Exercise data:

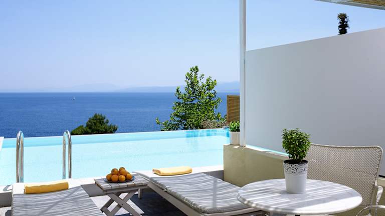 Alle Gästezimmer (Standard Doppelzimmer, Doppelzimmer mit Garten-Whirlpool, Superior Doppelzimmer, Familienzimmer, Junior Suite, Maisonette und Junior Suite mit privatem Pool) verfügen über geräumige private Balkone oder Terrassen mit Blick auf das Meer. Jedes Zimmer ist mit Direktwahltelefon, Satellitenfernsehen, W-LAN, Safe, Kühlschrank, Klimaanlage, Badezimmer mit Badewanne, Dusche, Haartrockner und Kosmetik ausgestattet.
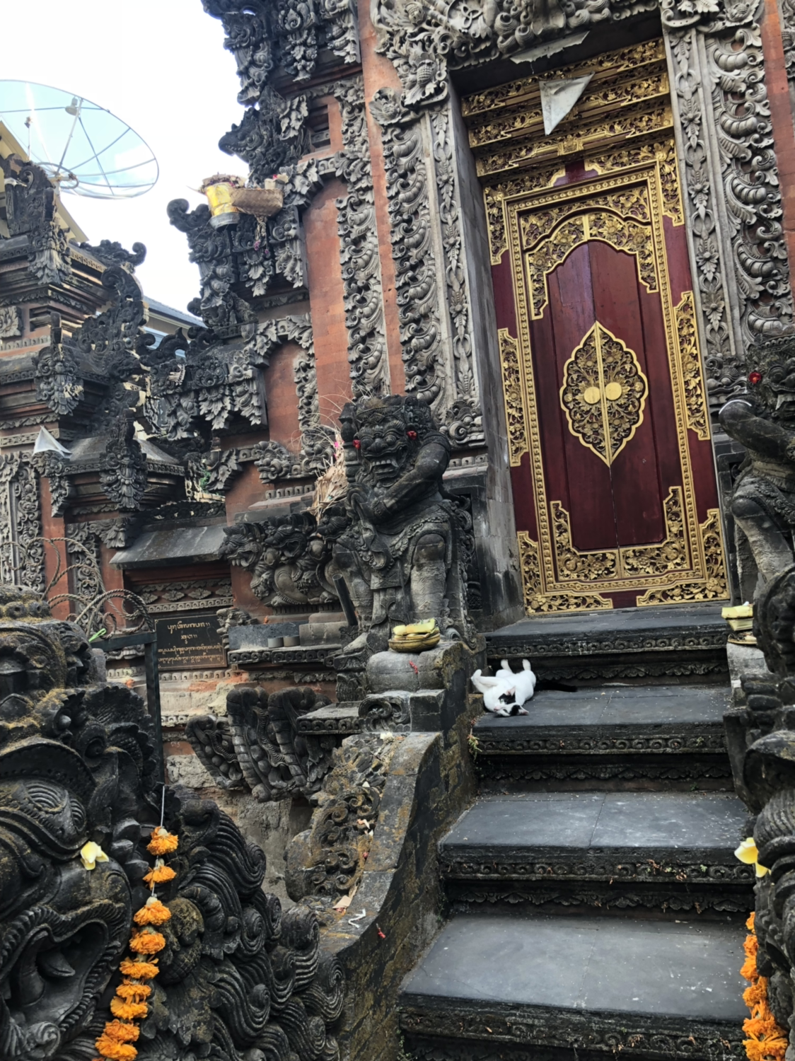 서핑을 마치고는 꾸따 시내의 골목골목을 돌아다녔다. 발리에는 곳곳에 작은 사원이 정말 많다. 관광지로 유명한 큰 사원들 외에도 골목을 돌아다니다 보면 작은 사원들을 볼 수 있는데, 발리에는 4천 개가 훨씬 넘는 사원들이 있다고 하며, 주민 한 명당 사원을 1-2개 이상은 책임지고 관리하고 있다고 한다. 보통 평범한 작은 사원들은 힌두교도들에게만 오픈하여 들어가 볼 수는 없었다. (하지만 고양이는 맘대로 들어가지)
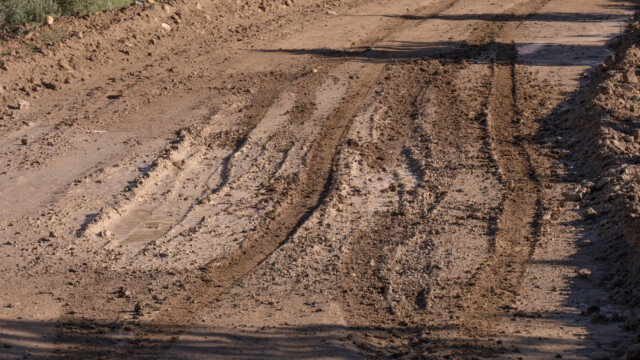 Als wir weiterfahren, fallen bereits die ersten Tropfen und die Strasse wird relativ rasch schmierig. Wir hören, dass das ABS (Antiblockiersystem) von Jupi im Dauereinsatz ist. Bettina ist am Steuer und meint, es fühle sich an wie auf Seife, extrem rutschig. Unser Pneu-Profil füllt sich im Nu mit Matsch und man spürt gut, wie wir auf der Strasse hin- und her schlittern. Der Regen kommt von der Richtung, in die wir wollen, Norden. Die Strasse wird immer mehr unbefahrbar. Wir fragen uns: «Sollen wir einfach hier stehen bleiben und abwarten oder zurückfahren?» Etwa 100m weiter ist die Strasse etwas breiter und Bettina kann wenden. Dann fahren wir etwa 2 km Richtung Süden zurück, wo wir einen Parkplatz gesehen haben. Es donnert immer wieder und erst am Abend hört es auf zu regnen, die Strasse ist jetzt wohl absolut unbefahrbar, deshalb bleiben wir über Nacht hier. Wie so oft in den letzten Tagen verziehen sich die Wolken am späten Abend und die Nacht ist klar.
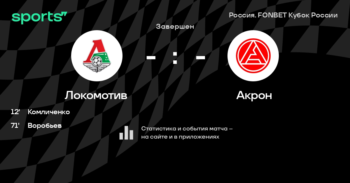 Кубок России: шансы «Локомотива» и «Акрона» на победу в матче 3 тура Пути РПЛ
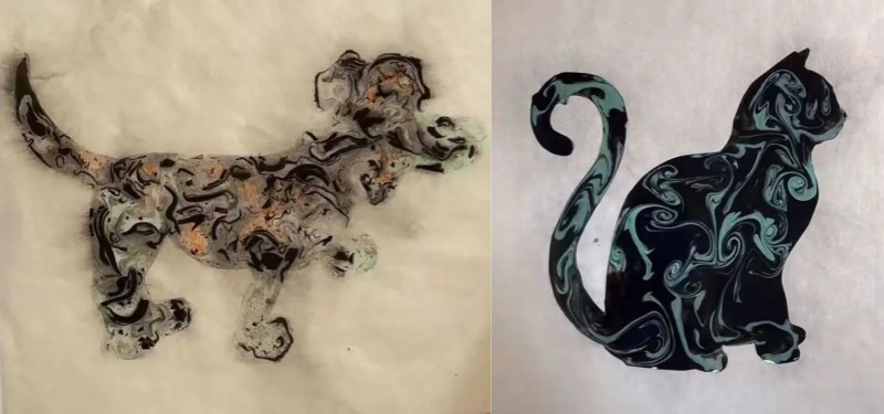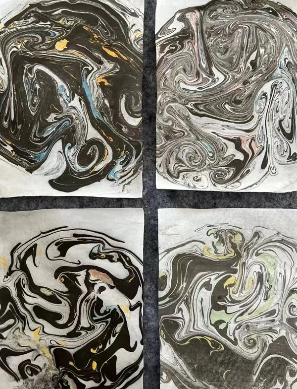 3.学习传统水拓画,完成水墨团扇作品
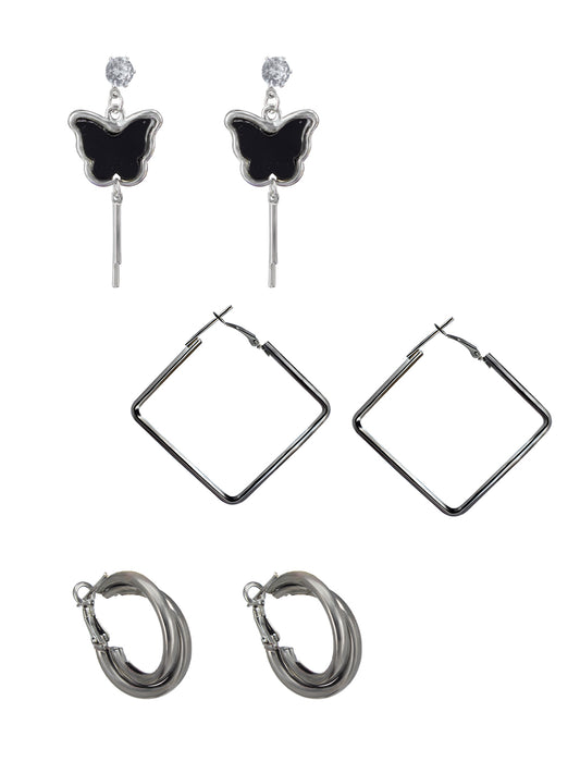 Pack of 4 Silver Plated Hoop & Drop Earrings

Problem requirements:
The required result is the entries above, printed exactly from the first line through the line with "서핑을 마치고는 꾸따", pictures excluded.

Task response:
 Alle Gästezimmer (Standard Doppelzimmer, Doppelzimmer mit Garten-Whirlpool, Superior Doppelzimmer, Familienzimmer, Junior Suite, Maisonette und Junior Suite mit privatem Pool) verfügen über geräumige private Balkone oder Terrassen mit Blick auf das Meer. Jedes Zimmer ist mit Direktwahltelefon, Satellitenfernsehen, W-LAN, Safe, Kühlschrank, Klimaanlage, Badezimmer mit Badewanne, Dusche, Haartrockner und Kosmetik ausgestattet.
 서핑을 마치고는 꾸따 시내의 골목골목을 돌아다녔다. 발리에는 곳곳에 작은 사원이 정말 많다. 관광지로 유명한 큰 사원들 외에도 골목을 돌아다니다 보면 작은 사원들을 볼 수 있는데, 발리에는 4천 개가 훨씬 넘는 사원들이 있다고 하며, 주민 한 명당 사원을 1-2개 이상은 책임지고 관리하고 있다고 한다. 보통 평범한 작은 사원들은 힌두교도들에게만 오픈하여 들어가 볼 수는 없었다. (하지만 고양이는 맘대로 들어가지)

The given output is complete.